Serangan oleh dugaan pemukim Yahudi pada rabbin Israel di bagian Tepi Barat dari budaya impunitas

Burin, Boer Barat – Jari tengah kanan Rabi Arik Ascherman masih merupakan perban dari konfrontasi baru -baru ini di Tepi Barat, ketika seorang pemukim Yahudi ekstremis yang diduga menjebaknya dengan pisau, memukulnya dan menendangnya.
Hampir dua minggu setelah serangan 23 Oktober, ketika Rabi Liberal Palestina membantu memanen pohon zaitun mereka, tidak ada penangkapan yang dilakukan – bagian dari apa yang dikatakan para kritikus adalah budaya impunitas bagi pemukim ekstremis.
Warga Palestina mengatakan bahwa ketidakmampuan Israel yang nyata untuk menuntut para pemukim yang dituduh melakukan kekerasan adalah faktor kunci dalam gelombang kekerasan hampir dua bulan yang tidak menunjukkan tanda-tanda keterlambatan.

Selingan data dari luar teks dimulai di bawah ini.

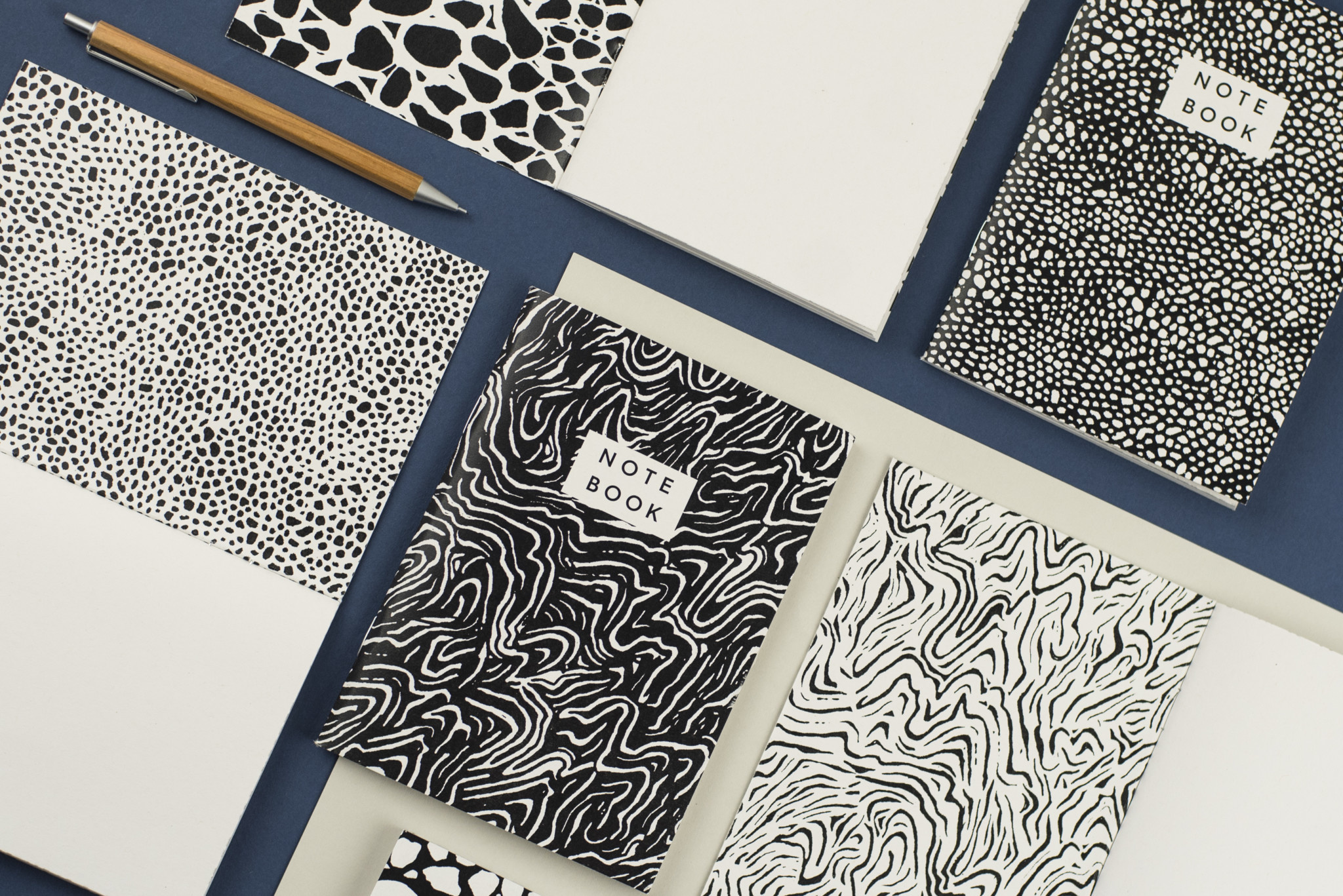 Useful and well designed plain paged notebooks in a set of 2 made with 100% recycled paper. Set features a 'spore' pattern developed from original lino prints and patterns on natural white covers.

Ascherman mengepalai sebuah kelompok bernama Rabi untuk Hak Asasi Manusia, yang telah menemani petani Palestina ke kebun zaitun mereka selama lebih dari satu dekade selama musim panen, ketika serangan oleh pemukim ekstremis biasanya meningkat. Sementara kehadiran orang Israel kadang -kadang mencegah kekerasan, Ascherman mengatakan serangan terhadapnya menunjukkan bagaimana para ekstremis – tampaknya bebas dari ancaman hukuman – seringkali tidak takut.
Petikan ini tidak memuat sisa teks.